Retype the following records exactly and exclude the pictures.

[Records from a data source]

Segment Open

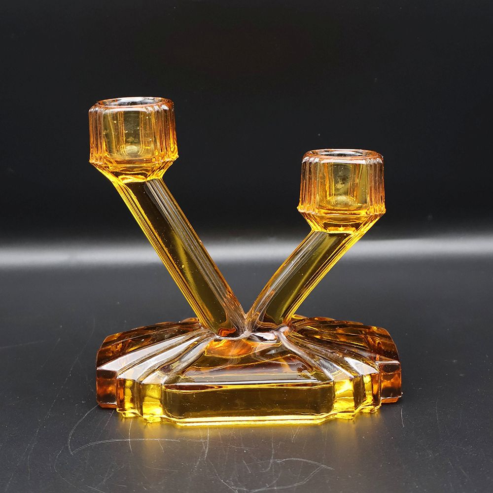 造形のユニークさに加えて、時代が愛したアンバーカラーも楽しみたいガラスキャンドルスタンドです。
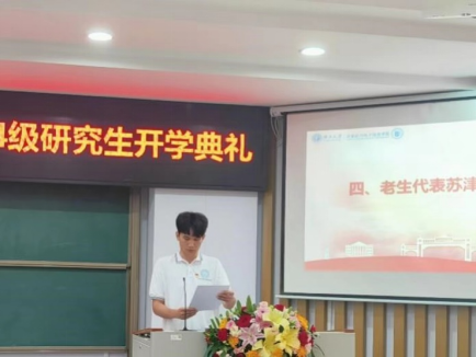 计算机科学与技术241班出君儒同学作为新生代表发言。他强调,作为研究生,面对新的挑战与不确定性,应该秉承初心,砥砺前行,钻研专业知识。他还分享自己过去一年在那坡县民族初级中学支教的经历,表示新时代青年要将自己的命运同国家民族的命运紧紧联系在一起,用自己的实际行动践行责任与担当!
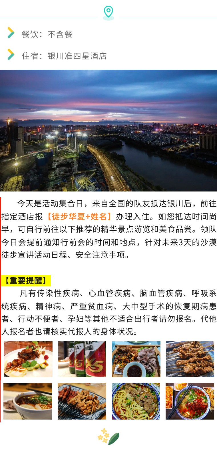这短短的几天,队员们或许已经收获了属于自己的友情,下午大家根据自己的航班或车票时间自行安排返程,也可以前往银川周边,寻找自然人文胜迹,感受大西北的独特魅力,结束西北精彩之旅~
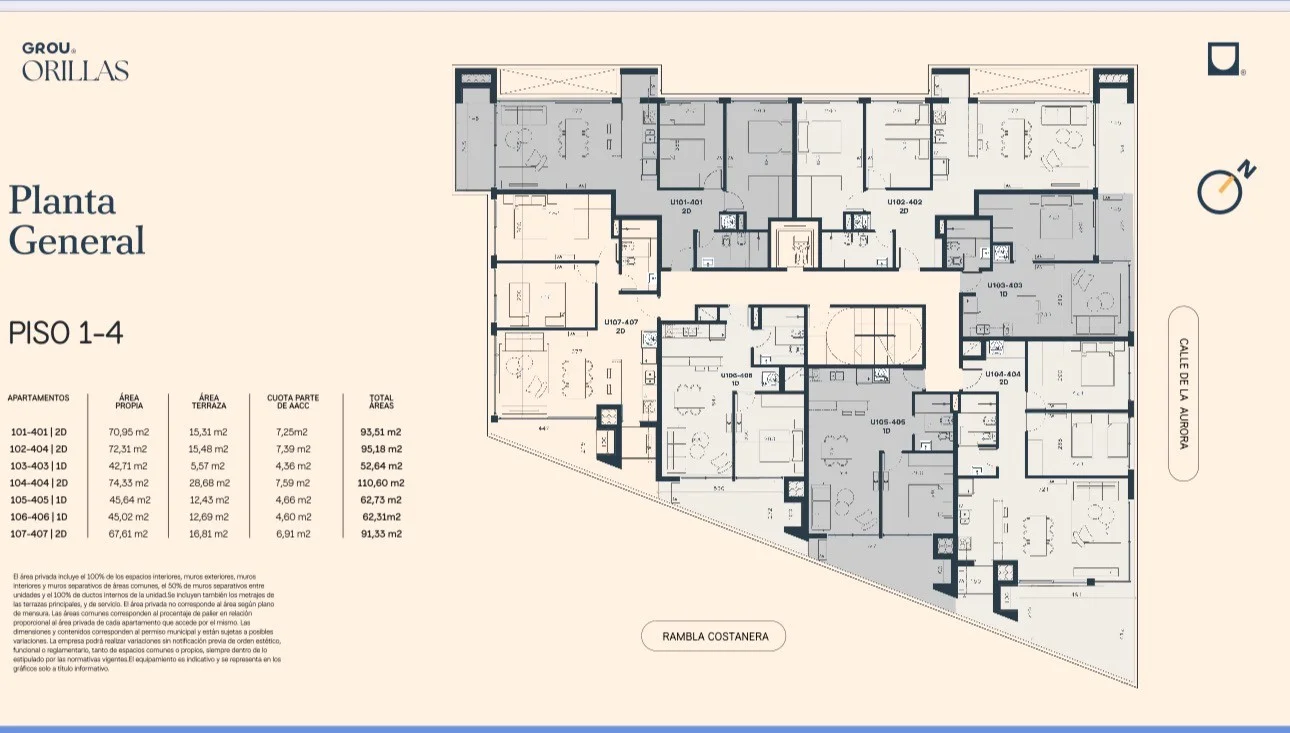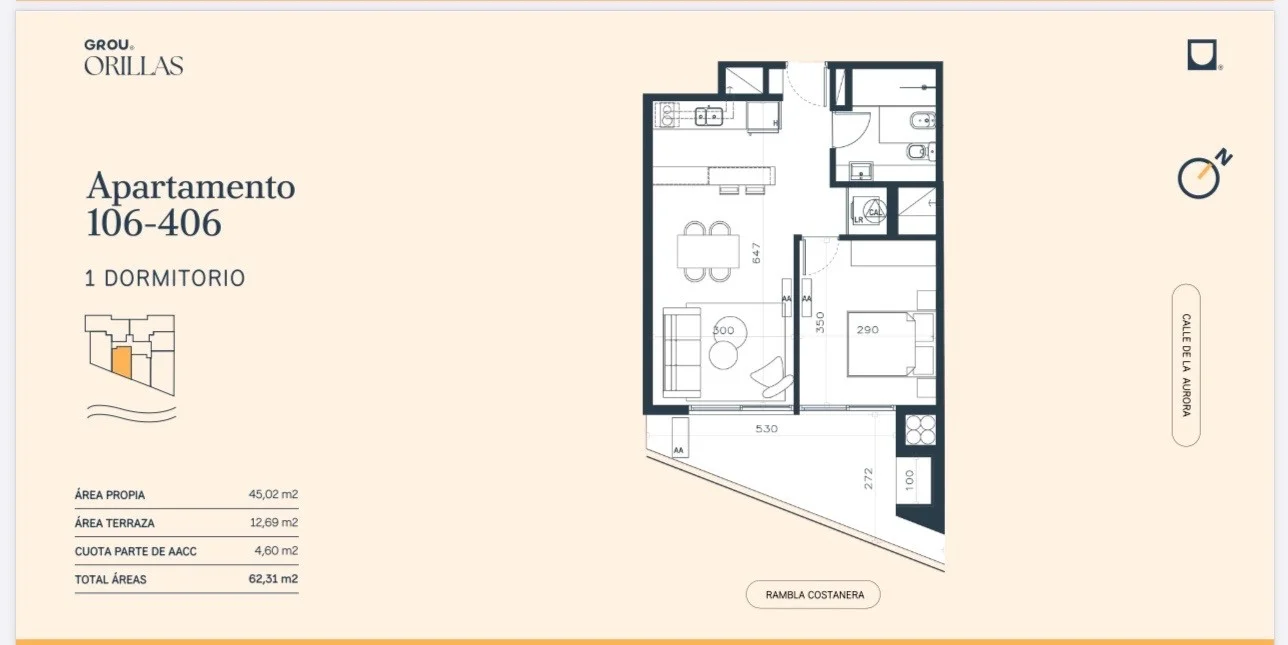 Descubra EDIFICIO ORILLAS, un ícono de estilo de vida dinámico y moderno estratégicamente ubicado en la vibrante Ciudad de la Costa. Este exclusivo desarrollo se alza majestuosamente frente a la playa, sobre la Rambla y De la Aurora, ofreciendo vistas inigualables y un acceso privilegiado a las principales vías de circulación de la ciudad. Su cercanía a centros comerciales y extensas zonas parquizadas garantiza una combinación perfecta de comodidad urbana y serenidad natural. ORILLAS ha sido diseñado para enriquecer su día a día con una gama de amenidades de primer nivel. Disfrute de momentos inolvidables en la barbacoa techada, ubicada en la azotea del edificio y completamente equipada con mobiliario de diseño, parrilla y TV, ideal para reuniones sociales. Relájese en las terrazas con parrillero o sumérjase en la gran terraza solárium, un espacio acondicionado para el máximo confort. Además, el edificio cuenta con una refrescante piscina y un práctico laundry. La seguridad y el confort son pilares en ORILLAS. El edificio dispone de recepción, vigilancia 24/7 y un avanzado circuito cerrado de cámaras de seguridad (CCTV) en accesos, cerco perimetral y áreas comunes exteriores. Para su comodidad, se ofrecen cocheras individuales en planta baja con portones automáticos y control remoto, así como un espacio dedicado para guardar bicicletas. El sistema de portero eléctrico y telefonía interna centralizada complementa la experiencia de vida. Aproveche esta oportunidad única de adquirir un apartamento de 1 dormitorio con terraza al frente (unidad 406) desde U$S 207.100. Los garajes están disponibles desde U$S 24.000. A estos precios se le suman un 5% de gastos de ocupación y un 3% + IVA de comisión inmobiliaria. La fecha de entrega estimada es a fines del 2027. No dude en consultarnos para más información, en ACTITUD PROPIEDADES estamos a su entera disposición para ayudarle a encontrar su nuevo hogar.
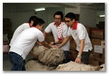 Volunteers and staff of Macau Red Cross packing some of the garments to be shipped to Yushu. (5 圖像)
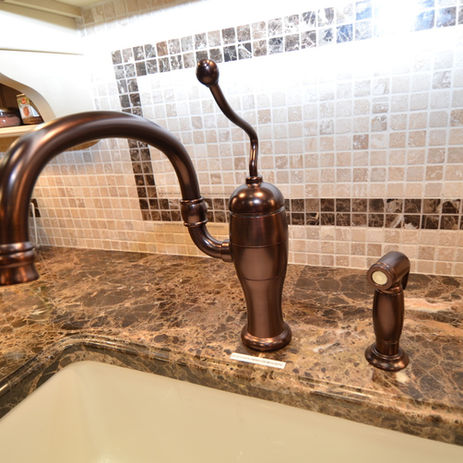 Let our experienced and friendly staff help you decide which faucet style will fit your kitchen design and cooking needs best. Our faucets are available as one handle, two handle, pull out spray, pot filler and many other styles to choose from along with kitchen accessories such as soap dispensers, sink drains and side sprays to name a few.
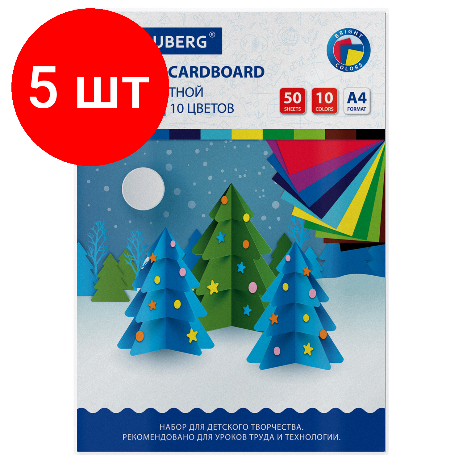 Комплект 5 шт, Картон цветной А4 немелованный, 50 листов 10 цветов, склейка, BRAUBERG, 200х290 мм, 113559 интересное:
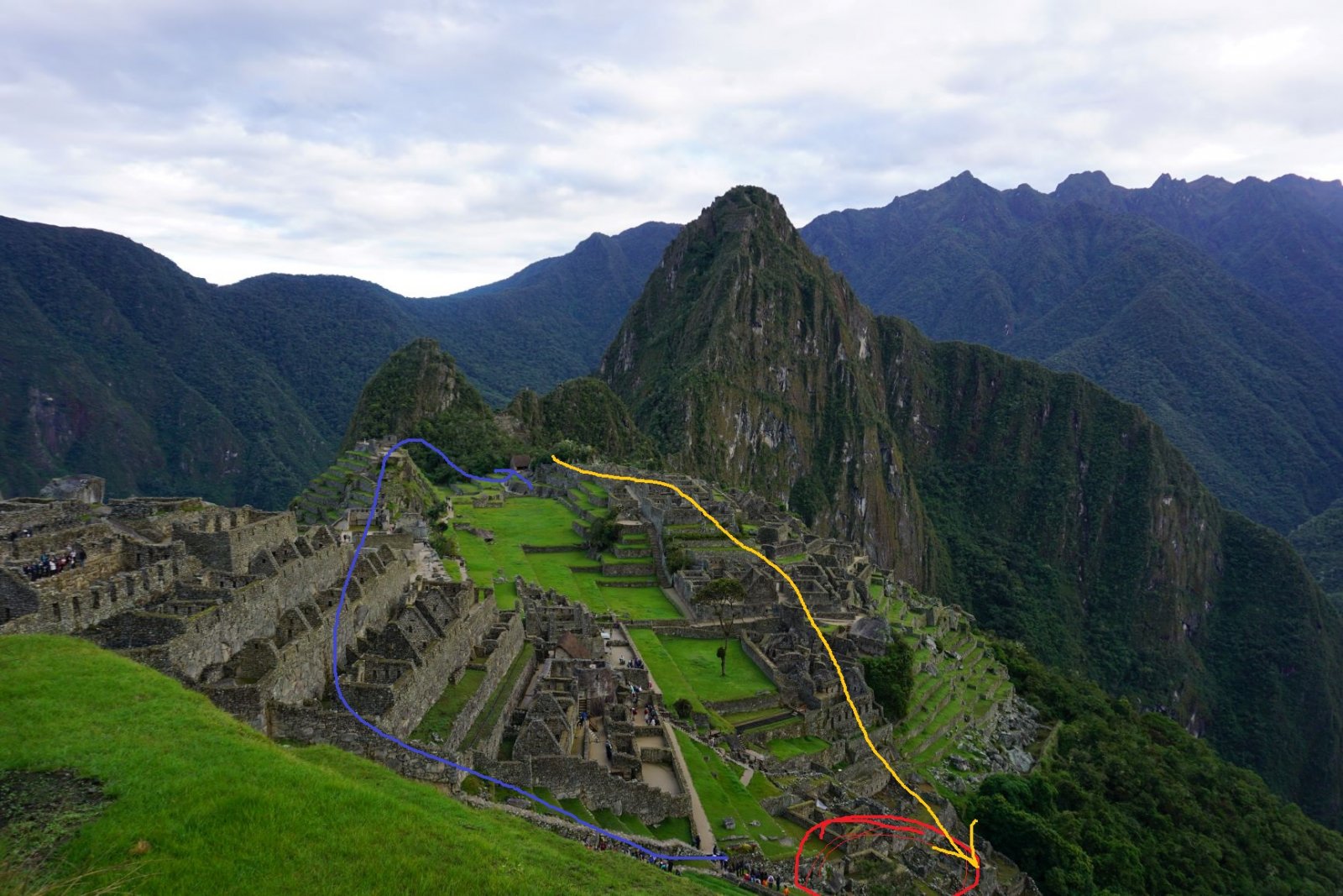 Στην παρακάτω φώτο, κάτω δεξιά που έχω βάλει τον κόκκινο κύκλο είναι η είσοδος στον αρχαιολογικό χώρο. Πρίν δύο χρόνια ήμασταν υποχρεωμένοι να ακολουθήσουμε σηματοδοτημένο μονοπάτι σύμφωνα με τη φορά του ρολογιού, δλδ μπορούσες να ακολουθήσεις το μπλέ βέλος στη φώτο. Εκεί που καταλήγει το μπλέ βέλος είναι η είσοδος στο Ουάινα Πίκτσου. Αυτό νομίζω δεν έχει αλλάξει ακόμα, όπως και το γεγονός οτι δεν επιτρέπεται να κάνεις πισωγυρίσματα, κάτι που δεν γνώριζα εγώ τότε και αναγκάστηκα να δείξω στο φύλακα που μου έκλεινε το μονοπάτι οτι έχω εισιτήριο για το Ουάινα Πίκτσου και τελικά με άφησε να γυρίσω πίσω (είχα φτάσει κοντά στις "τρείς πόρτες").Η η είσοδος για το Wayana Picchu είναι μέσα στον αρχαιολογικό. Τα 'έχω αρκετά μπερδεμένα...

Segment Closed

Response below =>
 造形のユニークさに加えて、時代が愛したアンバーカラーも楽しみたいガラスキャンドルスタンドです。
 计算机科学与技术241班出君儒同学作为新生代表发言。他强调,作为研究生,面对新的挑战与不确定性,应该秉承初心,砥砺前行,钻研专业知识。他还分享自己过去一年在那坡县民族初级中学支教的经历,表示新时代青年要将自己的命运同国家民族的命运紧紧联系在一起,用自己的实际行动践行责任与担当!
这短短的几天,队员们或许已经收获了属于自己的友情,下午大家根据自己的航班或车票时间自行安排返程,也可以前往银川周边,寻找自然人文胜迹,感受大西北的独特魅力,结束西北精彩之旅~
 Descubra EDIFICIO ORILLAS, un ícono de estilo de vida dinámico y moderno estratégicamente ubicado en la vibrante Ciudad de la Costa. Este exclusivo desarrollo se alza majestuosamente frente a la playa, sobre la Rambla y De la Aurora, ofreciendo vistas inigualables y un acceso privilegiado a las principales vías de circulación de la ciudad. Su cercanía a centros comerciales y extensas zonas parquizadas garantiza una combinación perfecta de comodidad urbana y serenidad natural. ORILLAS ha sido diseñado para enriquecer su día a día con una gama de amenidades de primer nivel. Disfrute de momentos inolvidables en la barbacoa techada, ubicada en la azotea del edificio y completamente equipada con mobiliario de diseño, parrilla y TV, ideal para reuniones sociales. Relájese en las terrazas con parrillero o sumérjase en la gran terraza solárium, un espacio acondicionado para el máximo confort. Además, el edificio cuenta con una refrescante piscina y un práctico laundry. La seguridad y el confort son pilares en ORILLAS. El edificio dispone de recepción, vigilancia 24/7 y un avanzado circuito cerrado de cámaras de seguridad (CCTV) en accesos, cerco perimetral y áreas comunes exteriores. Para su comodidad, se ofrecen cocheras individuales en planta baja con portones automáticos y control remoto, así como un espacio dedicado para guardar bicicletas. El sistema de portero eléctrico y telefonía interna centralizada complementa la experiencia de vida. Aproveche esta oportunidad única de adquirir un apartamento de 1 dormitorio con terraza al frente (unidad 406) desde U$S 207.100. Los garajes están disponibles desde U$S 24.000. A estos precios se le suman un 5% de gastos de ocupación y un 3% + IVA de comisión inmobiliaria. La fecha de entrega estimada es a fines del 2027. No dude en consultarnos para más información, en ACTITUD PROPIEDADES estamos a su entera disposición para ayudarle a encontrar su nuevo hogar.
 Volunteers and staff of Macau Red Cross packing some of the garments to be shipped to Yushu. (5 圖像)
 Let our experienced and friendly staff help you decide which faucet style will fit your kitchen design and cooking needs best. Our faucets are available as one handle, two handle, pull out spray, pot filler and many other styles to choose from along with kitchen accessories such as soap dispensers, sink drains and side sprays to name a few.
 Комплект 5 шт, Картон цветной А4 немелованный, 50 листов 10 цветов, склейка, BRAUBERG, 200х290 мм, 113559 интересное:
 Στην παρακάτω φώτο, κάτω δεξιά που έχω βάλει τον κόκκινο κύκλο είναι η είσοδος στον αρχαιολογικό χώρο. Πρίν δύο χρόνια ήμασταν υποχρεωμένοι να ακολουθήσουμε σηματοδοτημένο μονοπάτι σύμφωνα με τη φορά του ρολογιού, δλδ μπορούσες να ακολουθήσεις το μπλέ βέλος στη φώτο. Εκεί που καταλήγει το μπλέ βέλος είναι η είσοδος στο Ουάινα Πίκτσου. Αυτό νομίζω δεν έχει αλλάξει ακόμα, όπως και το γεγονός οτι δεν επιτρέπεται να κάνεις πισωγυρίσματα, κάτι που δεν γνώριζα εγώ τότε και αναγκάστηκα να δείξω στο φύλακα που μου έκλεινε το μονοπάτι οτι έχω εισιτήριο για το Ουάινα Πίκτσου και τελικά με άφησε να γυρίσω πίσω (είχα φτάσει κοντά στις "τρείς πόρτες").Η η είσοδος για το Wayana Picchu είναι μέσα στον αρχαιολογικό. Τα 'έχω αρκετά μπερδεμένα...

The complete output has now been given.